Look at Topic #2, we got plenty character names. Seems reasonable to say that the main characters are Mr Lorry, Defarge, Carton, Miss Darnay, and Pross.

### Spliting by paragraph

In [52]:
text_path = 'TaleOfTwoCities.txt'
full_text = open(text_path, 'r').read()
full_text = re.split( '\r\n\r\n', full_text )
len(full_text)

3452

In [60]:
tf = tf_vectorizer.fit_transform(full_text)
lda = LatentDirichletAllocation(n_components=n_components, max_iter=5,
                                learning_method='online',
                                learning_offset=50.,
                                random_state=0)

lda.fit(tf)
tf_feature_names = tf_vectorizer.get_feature_names()
print_top_words(lda, tf_feature_names, n_top_words)

Topic #0: shall jerry said young sir way hear morrow come voice
Topic #1: time say mr long dear day lucie doctor lorry manette
Topic #2: gutenberg project work tm prison works looked saint electronic foundation
Topic #3: death moment tell believe hour usual case prisoner distance knew
Topic #4: hand eyes old face like look looked man looking passed
Topic #5: little monseigneur went like people came great night did house
Topic #6: charles darnay yes good brother citizen english life doctor french
Topic #7: said mr lorry miss carton pross man head face looked
Topic #8: know think told business wife mother ask evremonde child poor
Topic #9: defarge madame wine monsieur jacques shop door man vengeance little
()


In [61]:
tfidf_vectorizer = TfidfVectorizer(max_df=0.95, min_df=2,
                                   max_features=n_features,
                                   stop_words='english')
tfidf = tfidf_vectorizer.fit_transform(full_text)
lda.fit(tfidf)
tfidf_feature_names = tfidf_vectorizer.get_feature_names()
print_top_words(lda, tfidf_feature_names, n_top_words)

Topic #0: said mr defarge doctor madame man hand time lorry manette
Topic #1: said mr know say lorry don asked good miss pross
Topic #2: roads mender looked hand village said voice man began little
Topic #3: citizen believe remember tell ago tower la north force law
Topic #4: jerry president mail buried accused shadow everybody drank fell bell
Topic #5: gabelle recall pretty hear roar town guard desire worst does
Topic #6: gutenberg project tm work works citizeness electronic use foundation org
Topic #7: yes sir think moment papers truly paper written passenger handed
Topic #8: hope father husband start woman true silence footsteps dear head
Topic #9: monseigneur charles england brother hurry ghost court world begin arrived
()


#### Review 

By looking at some of the recurrent works in our 4 results we identify what seem to be important characters, themes, and symbols.
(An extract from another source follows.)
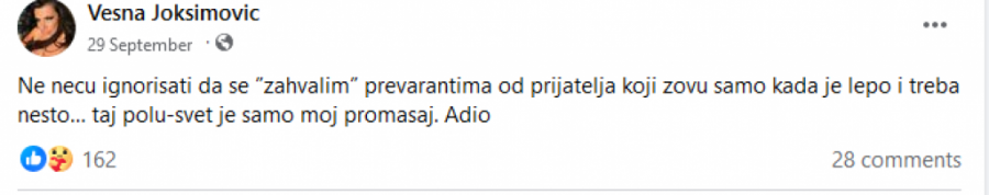 - Ne, neću ignorisati da se "zahvalim" prevarantima od prijatelja koji zovu samo kada je lepo i treba nešto… taj polusvet je samo moj promašaj. Adio! - napisala je Vesna a potom je usledila još jedna objava.

When we used each chapter as a document, each individual "topic" doesn't really seem sufficiently different from the others. We'll make an educated guess from this, and say that the topics explored in each chapter are farly similar. Time for our review:

"A Tale of Two Cities" by Charles Dickens depicts the story of Mr. Lorry, Defarge, Miss Darnay and Pross. Following these characters, the novel explores the passage of time in France and England. Family is a recurrent theme, and ideas such as brotherhood and fatherhood are explored through Mr. Lorry's relationships with other characters. Ultimately, this is a love story, even if the characters tend to find themselves threatened by darkness, imprisonment, and death. Dickens does a good job at using symbols such as wine, the streets, bureaucracy and wealth in order to better convey the story. A criticism that can be done is there is little thematic variation across the chapters. Hence, while the plot progresses, the ideas that Dickens explores remain fairly constant, which allows for consistency but ultimately prevents individual chapters from being memorable." 
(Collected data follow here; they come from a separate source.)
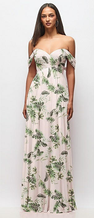 Off-the-Shoulder Draped Chiffon Maxi Dress in palm beach print
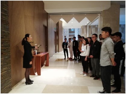 同学们首先参观了酒店,人力资源部工作人员热情介绍了酒店的设计理念、先进的设施、特色等并耐心解答同学们提出的各种问题。通过对酒店客房、酒吧、宴会厅、中餐厅、西餐厅、会议室等的参观,同学们对酒店有了初步的认知。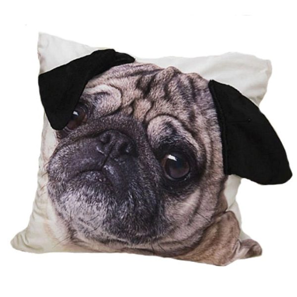 18" Adorable Pug Puppy Face Throw Pillow Cover w/ Ears

I actually read the book a couple years ago in literature class in high school. My teacher would definetly not be impressed with this "review". Something unsettling is that, just by looking at the topics extracted from our method, we would have no clue about the importance of the French revolution in the novel. We wouldn't even know for sure which are the two cities from the title! (Although we know things happen in France and England, so Paris and London would have been the clear bet). Anyway, this is not that bad for such a naive method.